The even and odd components of the signal x(t) = e^-2t cos t are respectively.

Concept:

if x(t) is given signal then,

Even signal of x(t) = \(\frac{x(t)+x(-t)}{2}\)

&

odd signal of x(t) =\(\frac{x(t)-x(-t)}{2}\)

Solution:

Here,

x(t) = e-2t cos t 

Even signal of x(t) = \(\frac{x(t)+x(-t)}{2}\)

\(=\frac{e^{-2t} \space cos(t)+e^{-2(-t)} \space cos(-t)}{2}\)

\(=\frac{e^{-2t} \space cos(t)+e^{2t} \space cos(t)}{2}\)

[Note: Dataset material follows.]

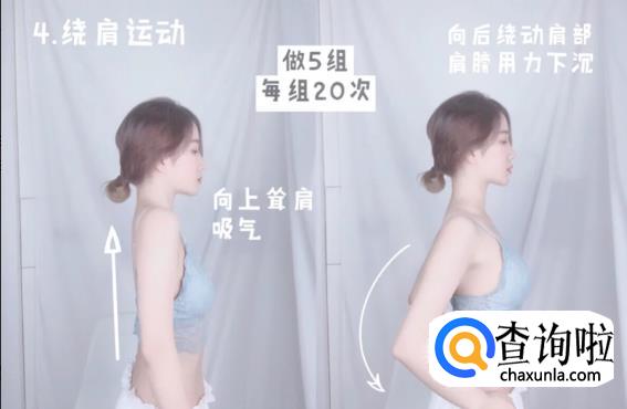 绕肩运动:向上耸肩,缓缓打开肩膀,向后绕动肩部,肩膀用力下沉,会感受到斜方肌的拉伸,做5组每组20次(这是提升颈部肌肉力量的好办法,要勤加练习才有收获哦)。
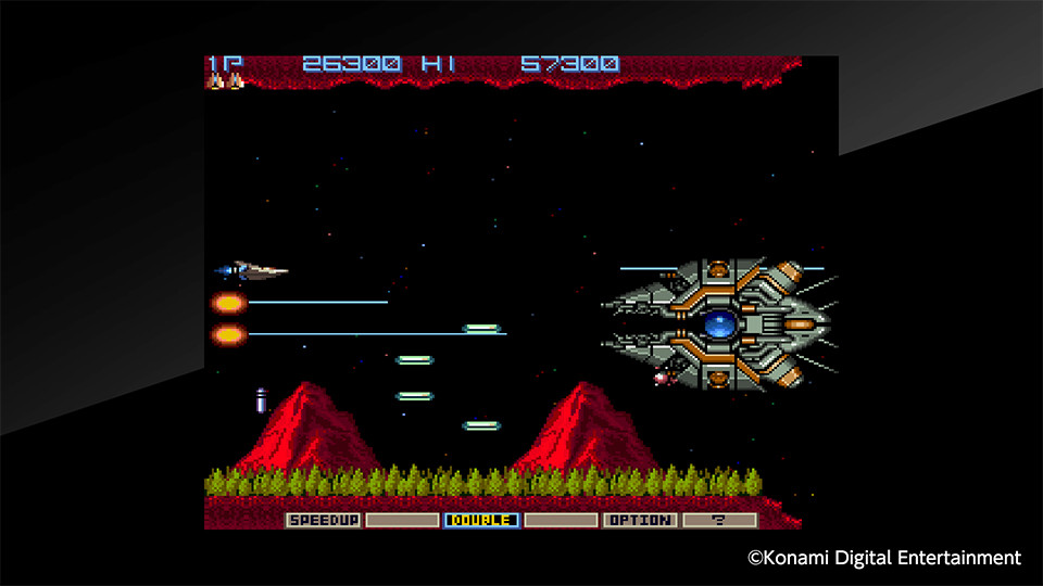 ▲アーケードアーカイブス版グラディウスのビッグコア。外側は無敵だが、中央の青いコアを一気に攻撃すると瞬時に倒せた。

\(= cos(t)\frac{(e^{-2t} \space+e^{2t}) }{2}\)

\(= cos(t)cosh(2t)\)

&

odd signal of x(t) =\(\frac{x(t)-x(-t)}{2}\)

\(=\frac{e^{-2t} \space cos(t)-e^{-2(-t)} \space cos(-t)}{2}\)

\(=\frac{e^{-2t} \space cos(t)-e^{2t} \space cos(t)}{2}\)

\(= cos(t)\frac{(e^{-2t} -e^{2t}) }{2}\)

\(=- cos(t)\frac{(e^{2t} -e^{-2t}) }{2}\)

\(= -cos(t)sinh(2t)\)